----- Given information

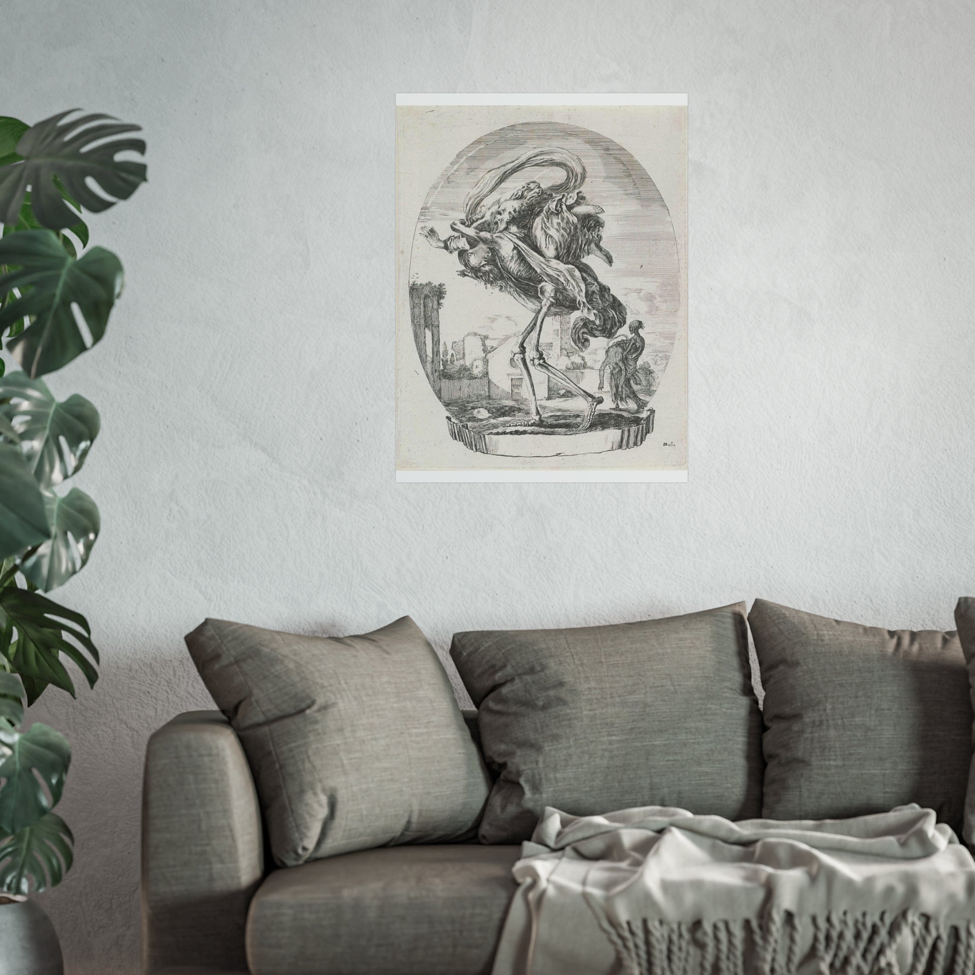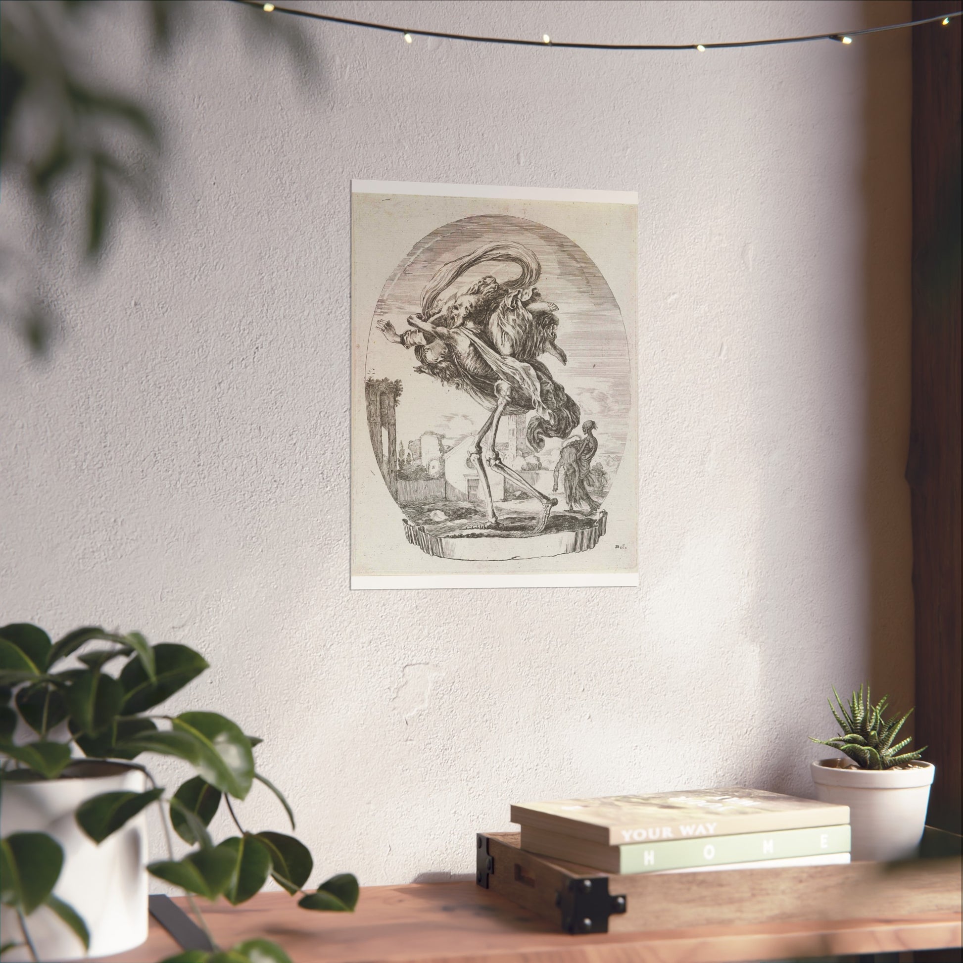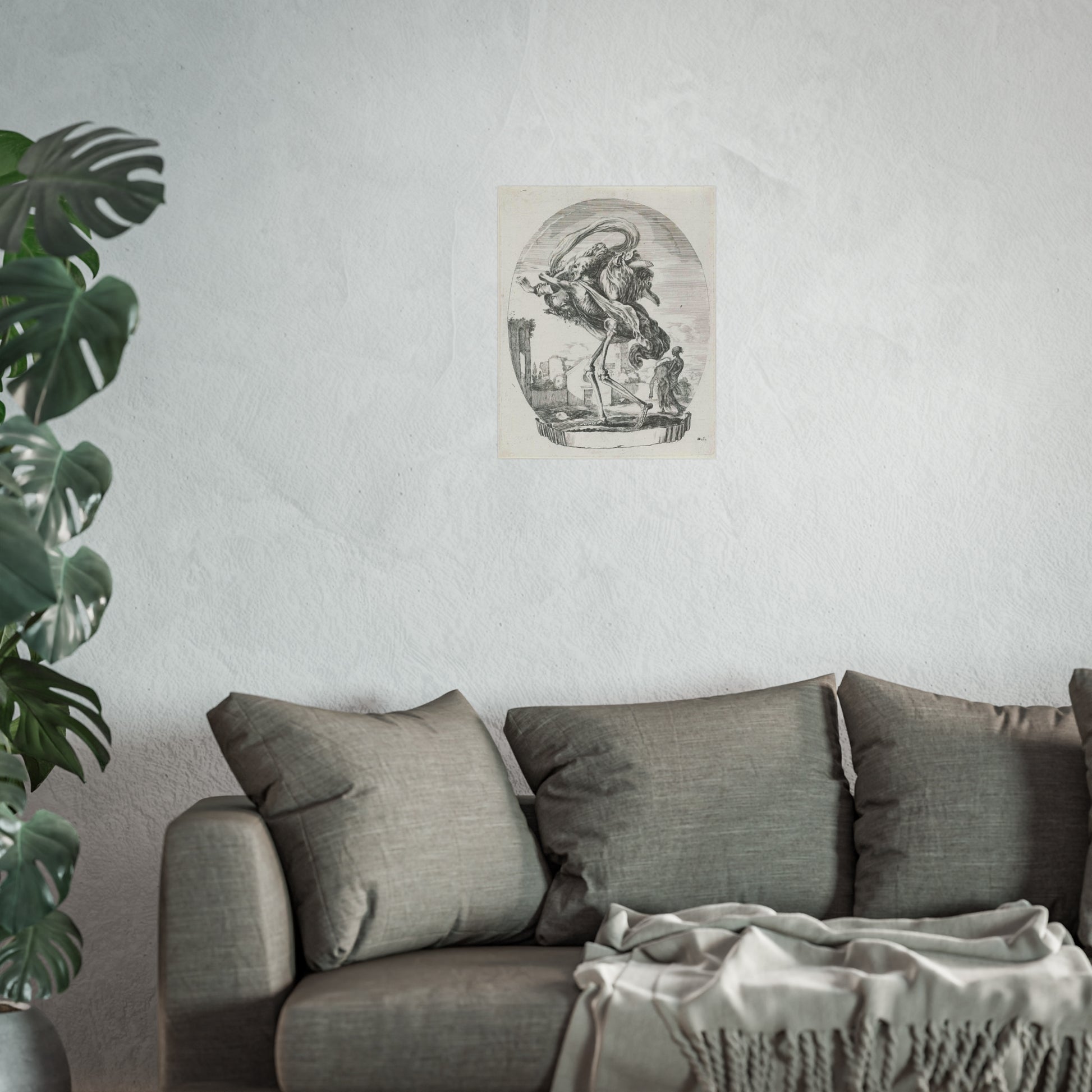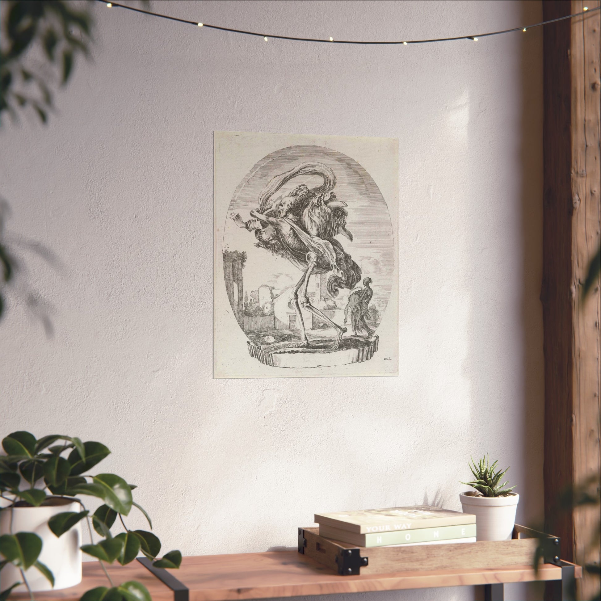 This captivating artwork showcases the macabre figure of Death, represented as a skeleton, carrying a woman over his shoulder. In the backdrop, another skeleton is seen holding a woman in his arms, adding to the chilling narrative of the piece.
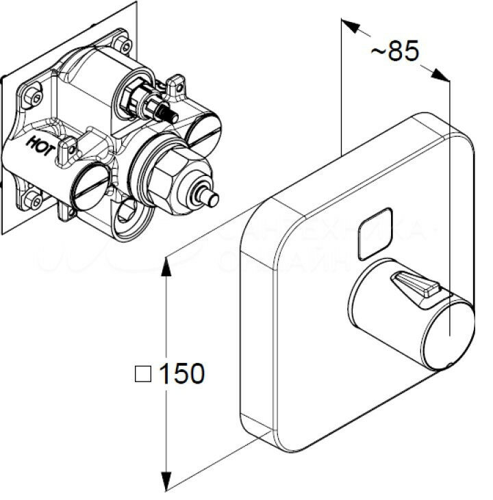 | Элементы системы скрытого монтажа | наружная часть смесителя |
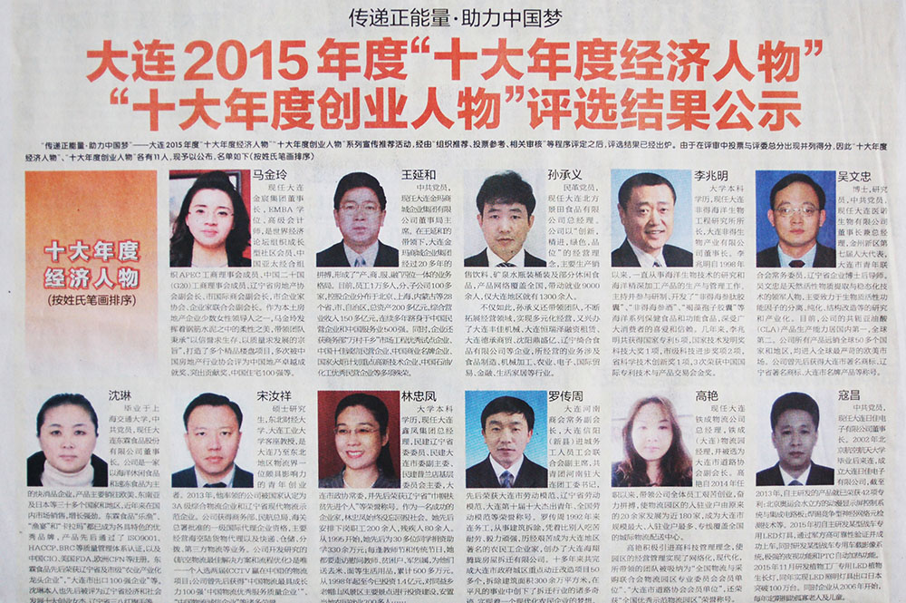 4月18日,大連“十大年度經(jīng)濟(jì)人物”隆重揭曉,作為中國(guó)海參精深加工領(lǐng)軍企業(yè)的掌門人,大連非得生物公司董事長(zhǎng)兼總經(jīng)理李兆明當(dāng)選大連“十大年度經(jīng)濟(jì)人物”。
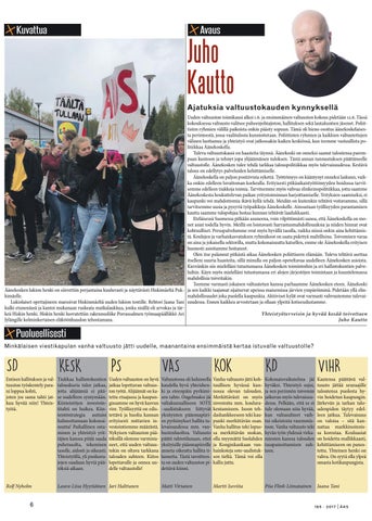Juho Kautto Ajatuksia valtuustokauden kynnyksellä Uuden valtuuston toimikausi alkoi 1.6. ja ensimmäinen valtuuston kokous pidetään 12.6. Tässä kokouksessa valtuusto valitsee puheenjohtajiston, hallituksen sekä lautakuntien jäsenet. Poliittisten ryhmien välillä paikoista onkin päästy sopuun. Tämä oli hieno osoitus äänekoskelaisesta perinteestä, jossa vaalitulosta kunnioitetaan. Poliittisten ryhmien ja kaikkien valtuutettujen välinen luottamus ja yhteistyö ovat jatkossakin kaiken keskiössä, kun teemme vastuullista politiikkaa Äänekoskella. Tuleva valtuustokausi on haasteita täynnä. Äänekoski on onneksi saanut taloutensa parempaan kuntoon ja tehnyt jopa ylijäämäisen tuloksen. Tästä annan tunnustuksen päättäneelle valtuustolle. Äänekosken tulee tehdä tarkkaa talouspolitiikkaa myös tulevaisuudessa. Kestävä talous on edellytys palveluiden kehittämiselle. Äänekoskella on paljon positiivista sykettä. Työttömyys on kääntynyt onneksi laskuun, vaikka onkin edelleen luvattoman korkealla. Erityisesti pitkäaikaistyöttömyyden hoidossa tarvitsemme edelleen tiukkoja toimia. Tarvitsemme myös vahvaa elinkeinopolitiikkaa, jotta saamme Äänekoskesta houkuttelevan paikan yritystoiminnan harjoittamiselle. Yrityksien saamiseksi, ei kaupunki voi mahdottomia ikävä kyllä tehdä. Meidän on kuitenkin tehtävä voitavamme, sillä tarvitsemme uusia ja pysyviä työpaikkoja Äänekoskelle. Ainoastaan työllisyyden parantamisen kautta saamme tulopohjaa hoitaa kunnan tehtävät laadukkaasti. Eteläisessä Suomessa pitkään asuneena, voin vilpittömästi sanoa, että Äänekoskella on monet asiat todella hyvin. Meillä on loistavasti harrastusmahdollisuuksia ja niiden hinnat ovat kohtuulliset. Peruspalvelumme ovat myös hyvällä tasolla, vaikka niissä onkin aina kehittämistä. Koulujen ja varhaiskasvatuksen ryhmäkoot on saatu pidettyä maltillisina. Toivomisen varaa on aina ja jokaisella sektorilla, mutta kokonaisuutta katsellen, emme ole Äänekoskella erityisen huonosti asioitamme hoitaneet. Olen itse palannut pitkästä aikaa Äänekosken poliittiseen elämään. Tuleva tehtävä asettaa itselleni suuria haasteita, sillä minulla on paljon opeteltavaa uudelleen Äänekosken asioista. Kierränkin siis mielelläni tutustumassa Äänekosken toimintoihin ja eri hallintokuntien palveluihin. Käyn myös mielelläni tutustumassa eri alojen järjestöjen toimintaan ja kuuntelemassa mahdollisia toiveitakin. Teemme varmasti jokaisen valtuutetun kanssa parhaamme Äänekosken eteen. Äänekoski Äänekosken lukion henki on siirrettiin perjantaina kuuluvasti ja näyttävästi Hiskimäeltä Puk- ja sen kaikki taajamat sijaitsevat upeissa maisemissa järvien ympäröiminä. Pidetään yllä elinkimäelle. mahdollisuudet joka puolella kaupunkia. Aktiiviset kylät ovat varmasti vahvuutemme tulevaiLukiolaiset opettajineen marssivat Hiskinmäeltä uuden lukion tontille. Rehtori Jaana Tani suudessa. Ennen kaikkea arvostetaan ja ollaan ylpeitä kotiseudustamme. kulki etunenässä ja kantoi mukanaan ruskeata matkalaukkua, jonka sisällä oli arvokas ja tärkeä Hiskin henki. Hiskin henki luovutettiin rakennusliike Porrassalmen työmaapäällikkö Ari Yhteistyöterveisin ja hyvää kesää toivottaen Juho Kautto Jylängille kolminkertaisen eläköönhuudon tehostamana.

----------

### About this exercise
Once the pictures are removed, copy the material above exactly.

### Your response
 This captivating artwork showcases the macabre figure of Death, represented as a skeleton, carrying a woman over his shoulder. In the backdrop, another skeleton is seen holding a woman in his arms, adding to the chilling narrative of the piece.
 | Элементы системы скрытого монтажа | наружная часть смесителя |
 4月18日,大連“十大年度經(jīng)濟(jì)人物”隆重揭曉,作為中國(guó)海參精深加工領(lǐng)軍企業(yè)的掌門人,大連非得生物公司董事長(zhǎng)兼總經(jīng)理李兆明當(dāng)選大連“十大年度經(jīng)濟(jì)人物”。
Juho Kautto Ajatuksia valtuustokauden kynnyksellä Uuden valtuuston toimikausi alkoi 1.6. ja ensimmäinen valtuuston kokous pidetään 12.6. Tässä kokouksessa valtuusto valitsee puheenjohtajiston, hallituksen sekä lautakuntien jäsenet. Poliittisten ryhmien välillä paikoista onkin päästy sopuun. Tämä oli hieno osoitus äänekoskelaisesta perinteestä, jossa vaalitulosta kunnioitetaan. Poliittisten ryhmien ja kaikkien valtuutettujen välinen luottamus ja yhteistyö ovat jatkossakin kaiken keskiössä, kun teemme vastuullista politiikkaa Äänekoskella. Tuleva valtuustokausi on haasteita täynnä. Äänekoski on onneksi saanut taloutensa parempaan kuntoon ja tehnyt jopa ylijäämäisen tuloksen. Tästä annan tunnustuksen päättäneelle valtuustolle. Äänekosken tulee tehdä tarkkaa talouspolitiikkaa myös tulevaisuudessa. Kestävä talous on edellytys palveluiden kehittämiselle. Äänekoskella on paljon positiivista sykettä. Työttömyys on kääntynyt onneksi laskuun, vaikka onkin edelleen luvattoman korkealla. Erityisesti pitkäaikaistyöttömyyden hoidossa tarvitsemme edelleen tiukkoja toimia. Tarvitsemme myös vahvaa elinkeinopolitiikkaa, jotta saamme Äänekoskesta houkuttelevan paikan yritystoiminnan harjoittamiselle. Yrityksien saamiseksi, ei kaupunki voi mahdottomia ikävä kyllä tehdä. Meidän on kuitenkin tehtävä voitavamme, sillä tarvitsemme uusia ja pysyviä työpaikkoja Äänekoskelle. Ainoastaan työllisyyden parantamisen kautta saamme tulopohjaa hoitaa kunnan tehtävät laadukkaasti. Eteläisessä Suomessa pitkään asuneena, voin vilpittömästi sanoa, että Äänekoskella on monet asiat todella hyvin. Meillä on loistavasti harrastusmahdollisuuksia ja niiden hinnat ovat kohtuulliset. Peruspalvelumme ovat myös hyvällä tasolla, vaikka niissä onkin aina kehittämistä. Koulujen ja varhaiskasvatuksen ryhmäkoot on saatu pidettyä maltillisina. Toivomisen varaa on aina ja jokaisella sektorilla, mutta kokonaisuutta katsellen, emme ole Äänekoskella erityisen huonosti asioitamme hoitaneet. Olen itse palannut pitkästä aikaa Äänekosken poliittiseen elämään. Tuleva tehtävä asettaa itselleni suuria haasteita, sillä minulla on paljon opeteltavaa uudelleen Äänekosken asioista. Kierränkin siis mielelläni tutustumassa Äänekosken toimintoihin ja eri hallintokuntien palveluihin. Käyn myös mielelläni tutustumassa eri alojen järjestöjen toimintaan ja kuuntelemassa mahdollisia toiveitakin. Teemme varmasti jokaisen valtuutetun kanssa parhaamme Äänekosken eteen. Äänekoski Äänekosken lukion henki on siirrettiin perjantaina kuuluvasti ja näyttävästi Hiskimäeltä Puk- ja sen kaikki taajamat sijaitsevat upeissa maisemissa järvien ympäröiminä. Pidetään yllä elinkimäelle. mahdollisuudet joka puolella kaupunkia. Aktiiviset kylät ovat varmasti vahvuutemme tulevaiLukiolaiset opettajineen marssivat Hiskinmäeltä uuden lukion tontille. Rehtori Jaana Tani suudessa. Ennen kaikkea arvostetaan ja ollaan ylpeitä kotiseudustamme. kulki etunenässä ja kantoi mukanaan ruskeata matkalaukkua, jonka sisällä oli arvokas ja tärkeä Hiskin henki. Hiskin henki luovutettiin rakennusliike Porrassalmen työmaapäällikkö Ari Yhteistyöterveisin ja hyvää kesää toivottaen Juho Kautto Jylängille kolminkertaisen eläköönhuudon tehostamana.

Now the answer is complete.